### Problem statement
Give the data again in full, without pictures.

### Source material
· · · · ·

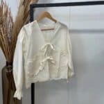 Deze trendy crèmekleurige top is een echte blikvanger! Met prachtige broderie, geborduurde details en schattige hartjeszakken is het een must-have voor iedereen die van een speelse, maar stijlvolle look houdt. Het luchtige, wijde model zorgt voor een heerlijk draagcomfort, terwijl de striktouwtjes voor een charmante sluiting zorgen en net dat beetje extra flair toevoegen.
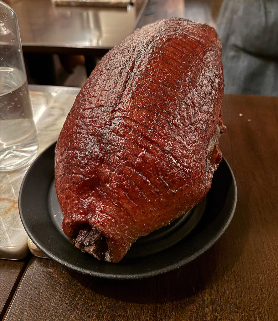The “34-Day Au Bon Canard Muscovy Duck” that arrives next is undoubtedly the main event: one that not only showcases a relatively precious product but that represents a rare departure from the aged pork preparations the restaurant has long favored. Visually, the meat marries its attractive, craggy exterior (noted earlier) with a subcutaneous layer of rendered fat and a pinkish (almost tending toward red) base of blushing flesh. Finished with a sprinkle of salt, the sizable portion is paired with a sourdough rye jus as well as reductions of pomegranate and passion fruit.
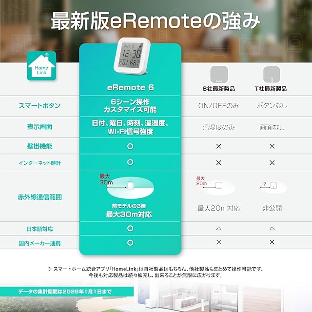 商品名:スマートリモコン ◆国内メーカー 国内サーバー◆ リンクジャパン eRemote6 HomeLink対応 スマートボタン搭載 Alexa対応 スマートホーム 見やすい液晶画面 節電·省エネ エアコン 赤外線対応 遠隔操作 ハブ機能 学習リモコン 高精度温湿度センサー内蔵 国内サポートチーム 【Alexa/Google Home/Siri】
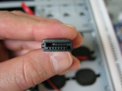 HDDだけでなく、光学ドライブやその他外付けドライブなどに使われているSerial ATA(シリアルエーティーエー)という規格のケーブルがありますね。

· · · · ·

### Completed task
 Deze trendy crèmekleurige top is een echte blikvanger! Met prachtige broderie, geborduurde details en schattige hartjeszakken is het een must-have voor iedereen die van een speelse, maar stijlvolle look houdt. Het luchtige, wijde model zorgt voor een heerlijk draagcomfort, terwijl de striktouwtjes voor een charmante sluiting zorgen en net dat beetje extra flair toevoegen.
The “34-Day Au Bon Canard Muscovy Duck” that arrives next is undoubtedly the main event: one that not only showcases a relatively precious product but that represents a rare departure from the aged pork preparations the restaurant has long favored. Visually, the meat marries its attractive, craggy exterior (noted earlier) with a subcutaneous layer of rendered fat and a pinkish (almost tending toward red) base of blushing flesh. Finished with a sprinkle of salt, the sizable portion is paired with a sourdough rye jus as well as reductions of pomegranate and passion fruit.
 商品名:スマートリモコン ◆国内メーカー 国内サーバー◆ リンクジャパン eRemote6 HomeLink対応 スマートボタン搭載 Alexa対応 スマートホーム 見やすい液晶画面 節電·省エネ エアコン 赤外線対応 遠隔操作 ハブ機能 学習リモコン 高精度温湿度センサー内蔵 国内サポートチーム 【Alexa/Google Home/Siri】
 HDDだけでなく、光学ドライブやその他外付けドライブなどに使われているSerial ATA(シリアルエーティーエー)という規格のケーブルがありますね。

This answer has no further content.